Namun, Niantic tidak terlalu merisaukan indikasi penurunan ini. Mereka masih meyakini pemain Pokémon Go loyalnya di seluruh dunia akan tetap antusias mencari berbagai ‘monster kecil’ tersebut. Niantic justru lebih merisaukan jika ada gangguan teknis, seperti kelebihan beban di infrastruktur jaringannya seperti yang pernah terjadi di awal-awal kehadiran Pokémon Go.

Berbicara mengenai gangguan teknis akibat kelebihan beban, Niantic dan Google sebagai penyedia infrastruktur Pokémon Go melalui platformnya, Google Cloud, punya sedikit cerita bagaimana dahsyatnya lonjakan lalu lintas data (traffic) di awal peluncuran Pokémon Go.

Terjadinya ketidakstabilan server, seperti yang banyak diduga, dikonfirmasi oleh Google disebabkan oleh traffic yang sangat tinggi hingga di atas ambang batas traffic yang dapat diantisipasi oleh server. 

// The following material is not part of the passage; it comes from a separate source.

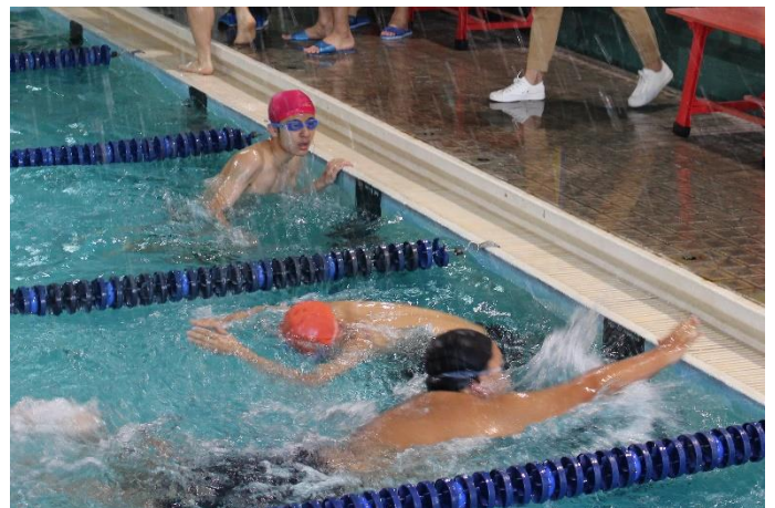
高中部-大隊接力比賽情形

Sebelum game Pokémon Go diluncurkan, Niantic dan Google telah menetapkan dua target (skenario) traffic, target yang mungkin terjadi (original launch target) dan target terburuk (worst case scenario). Target terburuk ditetapkan 5x lebih tinggi dari target yang mungkin terjadi (target estimasi).

""

Fakta di lapangan, traffic yang terjadi mencapai 10 kali dari target terburuk atau 50 kali dari target traffic yang diestimasi Niantic. Kejadian yang tidak diperkirakan ini bahkan terjadi dalam 15 menit setelah Pokémon Go dirilis di Australia dan Selandia Baru. Sudah bisa ditebak, banyak pemain pun harus menerima berbagai konsekuensi gangguan akibat server menjadi super sibuk.

Kondisi awal kehadiran Pokémon Go bisa berlangsung lebih buruk lagi jika tim Customer Reliability Engineering (CRE) dari Google tidak turun tangan. CRE adalah tim teknis Google baru yang untuk pertama kali diminta bantuan Niantic dalam rangka persiapan peluncuran Pokémon Go di Amerika Serikat dan Jepang.

Alur pengembangan (application logic) Pokémon Go berbasis pada Google Container Engine (GKE) yang didukung project open-source Kubernetes (container cluster manager). Dengan metode pengembangan ini, Niantic bisa lebih fokus dalam mengaplikasikan perubahan langsung (live change) untuk pengguna/pemain Pokémon Go dan memperlakukannya layaknya seperti layanan (service) yang secara kontinyu disempurnakan. 

Google menganalogikan hal ini seperti mengganti mesin pesawat saat pesawat sedang terbang. Di sini, CRE dan Niantic meg-upgrade container GKE Pokémon Go sehingga ribuan node ekstra bisa ditambahkan pada container cluster. Ini dilakukan Niantic menjelang peluncurannya di Jepang tanpa harus menggangu pemain Pokémon Go di negara lain yang sudah memainkannya selama ini.

Saat upgrade, tim Niantic dan Google sepakat mengganti Network Load Balancer dengan HTTP/S Load Balancer yang lebih baru dan canggih. HTTP/S Load Balancer sebagai sistem global yang dirancang untuk HTTPS traffic, menawarkan keunggulan, seperti kontrol yang lebih luas, koneksi ke pengguna lebih cepat, dan throughput total yang lebih tinggi.

Ini membuatnya lebih cocok diaplikasikan untuk jumlah pengguna dan jenis traffic yang ada pada game Pokémon Go. Keputusan peralihan ini terbukti benar, seprti ini terlihat dari jumah pengguna Pokémon Go yang terdaftar di Jepang tiga kali lipat lebih banyak dari pengguna di di AS.